▶ [Aim of the exercise]: Copy each record below exactly, please, and leave its pictures out.

[Entries taken from a collection]
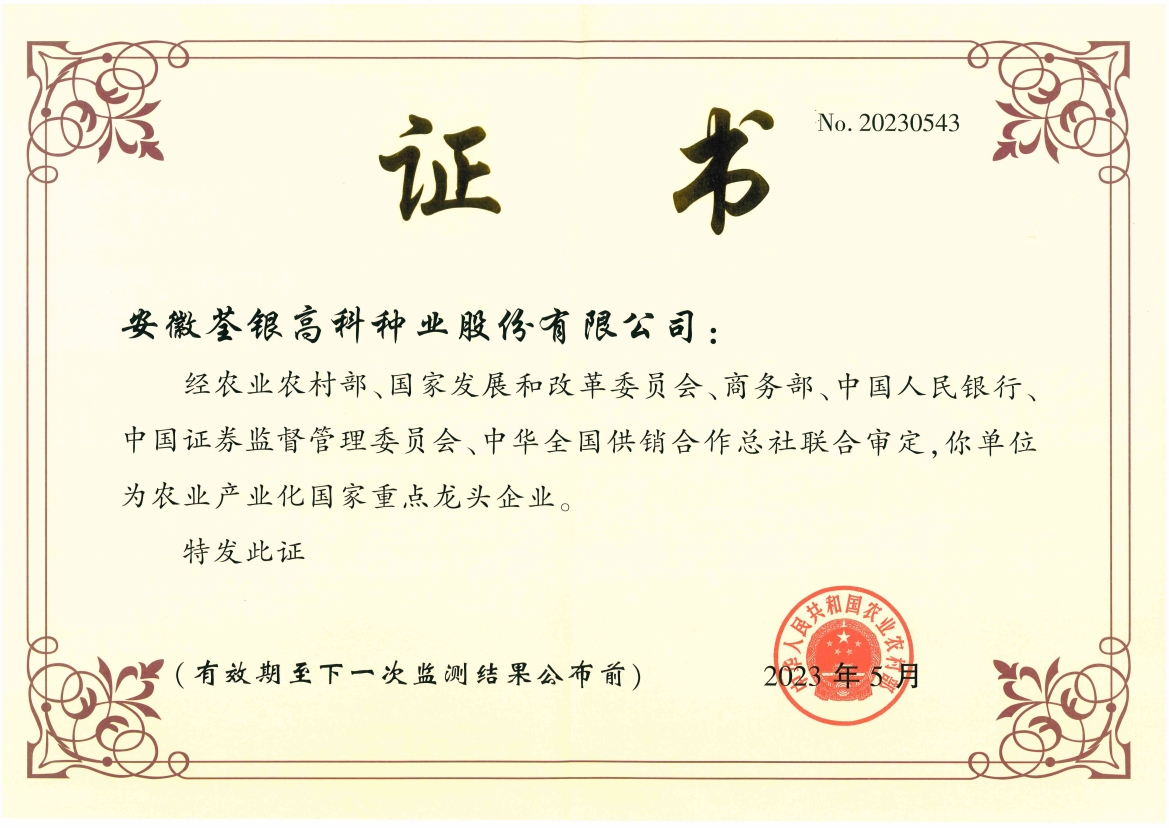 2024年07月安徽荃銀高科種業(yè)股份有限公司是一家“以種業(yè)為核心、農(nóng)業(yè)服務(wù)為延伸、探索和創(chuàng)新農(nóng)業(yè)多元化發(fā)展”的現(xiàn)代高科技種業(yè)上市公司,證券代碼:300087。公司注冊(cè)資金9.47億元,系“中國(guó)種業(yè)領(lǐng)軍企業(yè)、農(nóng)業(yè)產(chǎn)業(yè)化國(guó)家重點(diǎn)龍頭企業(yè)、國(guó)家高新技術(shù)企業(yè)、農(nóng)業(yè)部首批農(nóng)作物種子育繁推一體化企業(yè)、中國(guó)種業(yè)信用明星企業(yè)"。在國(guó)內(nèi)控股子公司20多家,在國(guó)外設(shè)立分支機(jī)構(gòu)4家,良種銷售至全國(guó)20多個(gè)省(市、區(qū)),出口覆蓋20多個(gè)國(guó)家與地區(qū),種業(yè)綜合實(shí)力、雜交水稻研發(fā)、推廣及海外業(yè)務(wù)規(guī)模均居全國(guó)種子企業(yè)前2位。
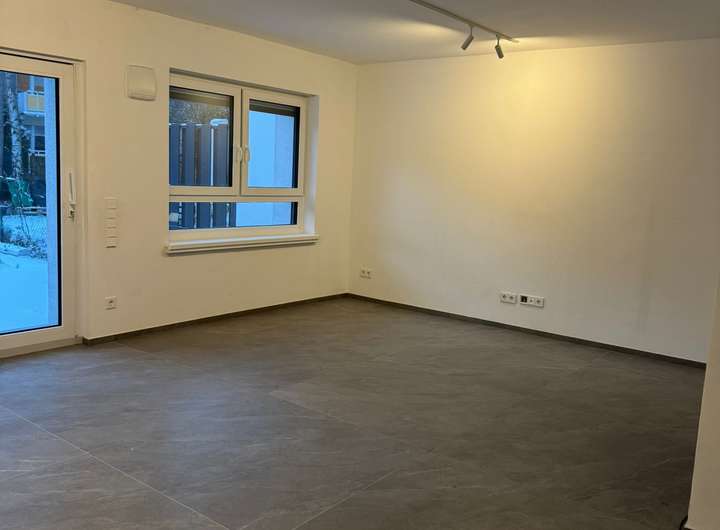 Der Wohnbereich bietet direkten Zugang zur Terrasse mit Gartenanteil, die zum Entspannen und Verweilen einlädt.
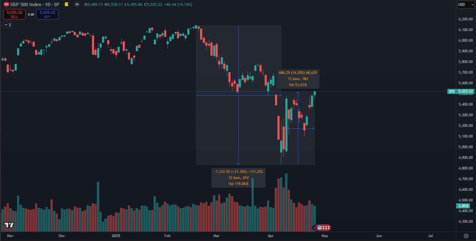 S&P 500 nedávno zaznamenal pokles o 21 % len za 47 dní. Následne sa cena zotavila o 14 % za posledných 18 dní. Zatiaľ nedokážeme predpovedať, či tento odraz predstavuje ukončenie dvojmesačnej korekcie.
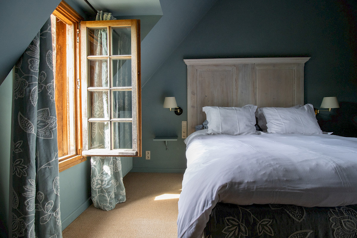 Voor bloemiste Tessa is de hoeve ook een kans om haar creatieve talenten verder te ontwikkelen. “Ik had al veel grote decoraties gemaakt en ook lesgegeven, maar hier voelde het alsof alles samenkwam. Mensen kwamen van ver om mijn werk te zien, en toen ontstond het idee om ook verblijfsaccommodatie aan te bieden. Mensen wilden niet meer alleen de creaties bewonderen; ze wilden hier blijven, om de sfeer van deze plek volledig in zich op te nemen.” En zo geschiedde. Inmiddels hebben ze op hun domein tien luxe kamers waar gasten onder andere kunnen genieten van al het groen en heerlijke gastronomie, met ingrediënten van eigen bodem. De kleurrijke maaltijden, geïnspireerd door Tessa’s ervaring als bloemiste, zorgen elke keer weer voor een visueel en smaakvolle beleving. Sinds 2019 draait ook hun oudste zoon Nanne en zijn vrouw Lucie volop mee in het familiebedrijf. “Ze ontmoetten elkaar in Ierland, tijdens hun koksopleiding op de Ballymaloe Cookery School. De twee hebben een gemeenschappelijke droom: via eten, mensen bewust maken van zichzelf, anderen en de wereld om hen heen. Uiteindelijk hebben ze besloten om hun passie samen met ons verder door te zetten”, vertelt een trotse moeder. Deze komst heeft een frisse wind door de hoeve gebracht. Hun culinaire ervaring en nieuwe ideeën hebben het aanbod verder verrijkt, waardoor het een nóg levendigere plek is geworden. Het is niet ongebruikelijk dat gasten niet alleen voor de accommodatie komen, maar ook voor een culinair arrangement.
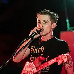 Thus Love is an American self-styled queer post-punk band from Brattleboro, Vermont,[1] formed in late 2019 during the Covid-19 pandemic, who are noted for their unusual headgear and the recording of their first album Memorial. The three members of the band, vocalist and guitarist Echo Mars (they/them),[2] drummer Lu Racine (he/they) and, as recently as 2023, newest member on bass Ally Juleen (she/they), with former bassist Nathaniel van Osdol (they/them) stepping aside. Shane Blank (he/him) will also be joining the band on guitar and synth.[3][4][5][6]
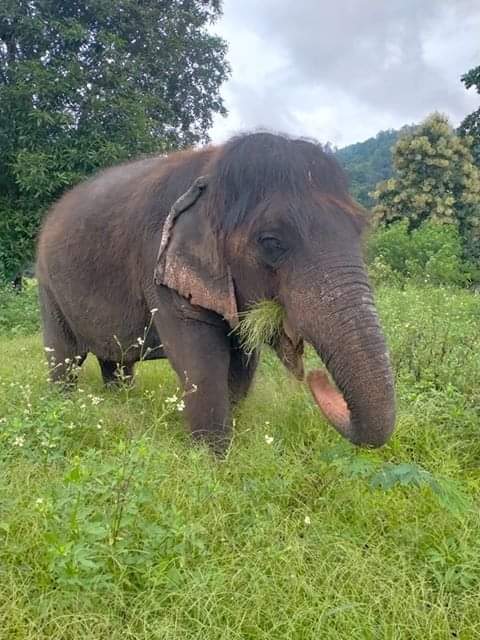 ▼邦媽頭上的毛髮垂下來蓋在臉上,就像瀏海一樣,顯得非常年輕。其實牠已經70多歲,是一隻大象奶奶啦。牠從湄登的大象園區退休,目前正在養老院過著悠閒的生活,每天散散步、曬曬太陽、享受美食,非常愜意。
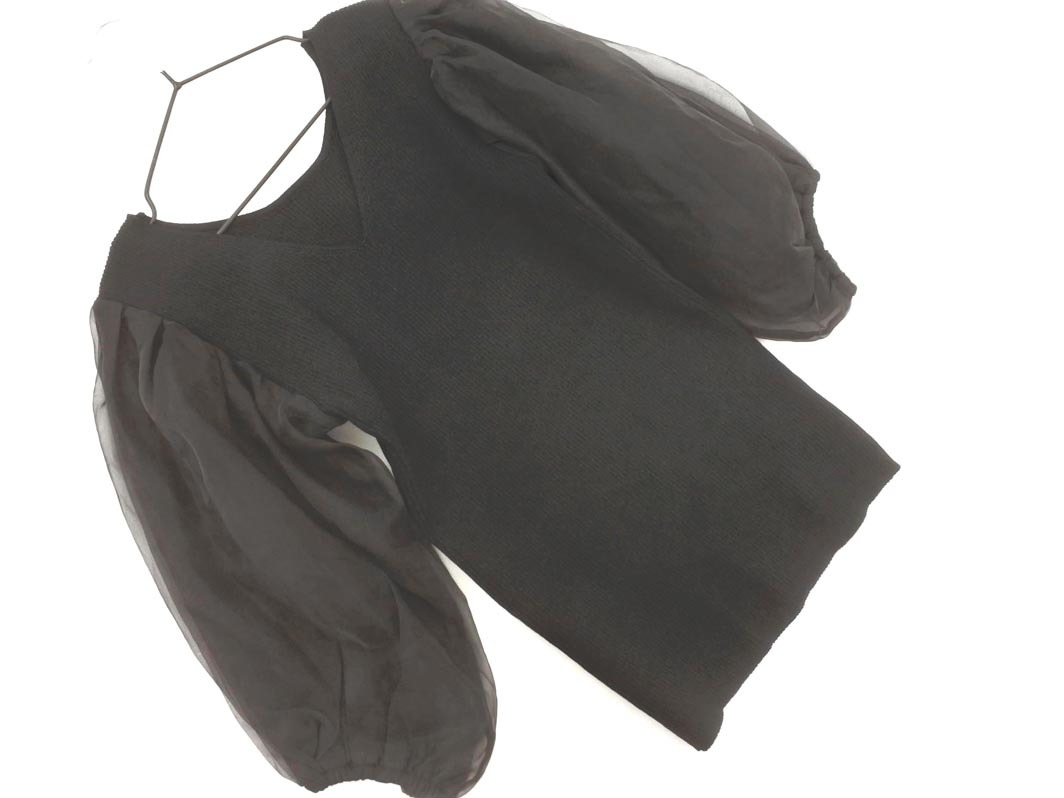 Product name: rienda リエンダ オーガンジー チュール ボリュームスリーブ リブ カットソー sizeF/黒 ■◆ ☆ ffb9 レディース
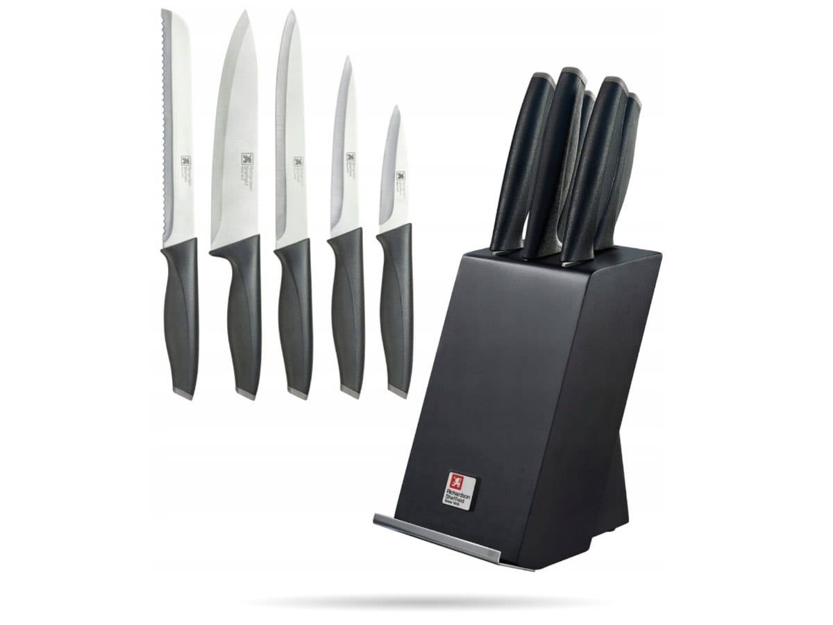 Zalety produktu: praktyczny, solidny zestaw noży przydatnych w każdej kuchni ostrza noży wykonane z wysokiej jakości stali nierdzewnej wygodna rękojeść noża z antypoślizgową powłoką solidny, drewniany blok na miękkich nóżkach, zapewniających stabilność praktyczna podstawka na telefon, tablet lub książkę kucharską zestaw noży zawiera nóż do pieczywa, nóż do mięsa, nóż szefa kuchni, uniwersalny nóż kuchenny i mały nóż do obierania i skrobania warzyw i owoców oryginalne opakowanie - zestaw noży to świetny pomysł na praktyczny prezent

▶ [Your response]:
 2024年07月安徽荃銀高科種業(yè)股份有限公司是一家“以種業(yè)為核心、農(nóng)業(yè)服務(wù)為延伸、探索和創(chuàng)新農(nóng)業(yè)多元化發(fā)展”的現(xiàn)代高科技種業(yè)上市公司,證券代碼:300087。公司注冊(cè)資金9.47億元,系“中國(guó)種業(yè)領(lǐng)軍企業(yè)、農(nóng)業(yè)產(chǎn)業(yè)化國(guó)家重點(diǎn)龍頭企業(yè)、國(guó)家高新技術(shù)企業(yè)、農(nóng)業(yè)部首批農(nóng)作物種子育繁推一體化企業(yè)、中國(guó)種業(yè)信用明星企業(yè)"。在國(guó)內(nèi)控股子公司20多家,在國(guó)外設(shè)立分支機(jī)構(gòu)4家,良種銷售至全國(guó)20多個(gè)省(市、區(qū)),出口覆蓋20多個(gè)國(guó)家與地區(qū),種業(yè)綜合實(shí)力、雜交水稻研發(fā)、推廣及海外業(yè)務(wù)規(guī)模均居全國(guó)種子企業(yè)前2位。
 Der Wohnbereich bietet direkten Zugang zur Terrasse mit Gartenanteil, die zum Entspannen und Verweilen einlädt.
 S&P 500 nedávno zaznamenal pokles o 21 % len za 47 dní. Následne sa cena zotavila o 14 % za posledných 18 dní. Zatiaľ nedokážeme predpovedať, či tento odraz predstavuje ukončenie dvojmesačnej korekcie.
 Voor bloemiste Tessa is de hoeve ook een kans om haar creatieve talenten verder te ontwikkelen. “Ik had al veel grote decoraties gemaakt en ook lesgegeven, maar hier voelde het alsof alles samenkwam. Mensen kwamen van ver om mijn werk te zien, en toen ontstond het idee om ook verblijfsaccommodatie aan te bieden. Mensen wilden niet meer alleen de creaties bewonderen; ze wilden hier blijven, om de sfeer van deze plek volledig in zich op te nemen.” En zo geschiedde. Inmiddels hebben ze op hun domein tien luxe kamers waar gasten onder andere kunnen genieten van al het groen en heerlijke gastronomie, met ingrediënten van eigen bodem. De kleurrijke maaltijden, geïnspireerd door Tessa’s ervaring als bloemiste, zorgen elke keer weer voor een visueel en smaakvolle beleving. Sinds 2019 draait ook hun oudste zoon Nanne en zijn vrouw Lucie volop mee in het familiebedrijf. “Ze ontmoetten elkaar in Ierland, tijdens hun koksopleiding op de Ballymaloe Cookery School. De twee hebben een gemeenschappelijke droom: via eten, mensen bewust maken van zichzelf, anderen en de wereld om hen heen. Uiteindelijk hebben ze besloten om hun passie samen met ons verder door te zetten”, vertelt een trotse moeder. Deze komst heeft een frisse wind door de hoeve gebracht. Hun culinaire ervaring en nieuwe ideeën hebben het aanbod verder verrijkt, waardoor het een nóg levendigere plek is geworden. Het is niet ongebruikelijk dat gasten niet alleen voor de accommodatie komen, maar ook voor een culinair arrangement.
 Thus Love is an American self-styled queer post-punk band from Brattleboro, Vermont,[1] formed in late 2019 during the Covid-19 pandemic, who are noted for their unusual headgear and the recording of their first album Memorial. The three members of the band, vocalist and guitarist Echo Mars (they/them),[2] drummer Lu Racine (he/they) and, as recently as 2023, newest member on bass Ally Juleen (she/they), with former bassist Nathaniel van Osdol (they/them) stepping aside. Shane Blank (he/him) will also be joining the band on guitar and synth.[3][4][5][6]
 ▼邦媽頭上的毛髮垂下來蓋在臉上,就像瀏海一樣,顯得非常年輕。其實牠已經70多歲,是一隻大象奶奶啦。牠從湄登的大象園區退休,目前正在養老院過著悠閒的生活,每天散散步、曬曬太陽、享受美食,非常愜意。
 Product name: rienda リエンダ オーガンジー チュール ボリュームスリーブ リブ カットソー sizeF/黒 ■◆ ☆ ffb9 レディース
 Zalety produktu: praktyczny, solidny zestaw noży przydatnych w każdej kuchni ostrza noży wykonane z wysokiej jakości stali nierdzewnej wygodna rękojeść noża z antypoślizgową powłoką solidny, drewniany blok na miękkich nóżkach, zapewniających stabilność praktyczna podstawka na telefon, tablet lub książkę kucharską zestaw noży zawiera nóż do pieczywa, nóż do mięsa, nóż szefa kuchni, uniwersalny nóż kuchenny i mały nóż do obierania i skrobania warzyw i owoców oryginalne opakowanie - zestaw noży to świetny pomysł na praktyczny prezent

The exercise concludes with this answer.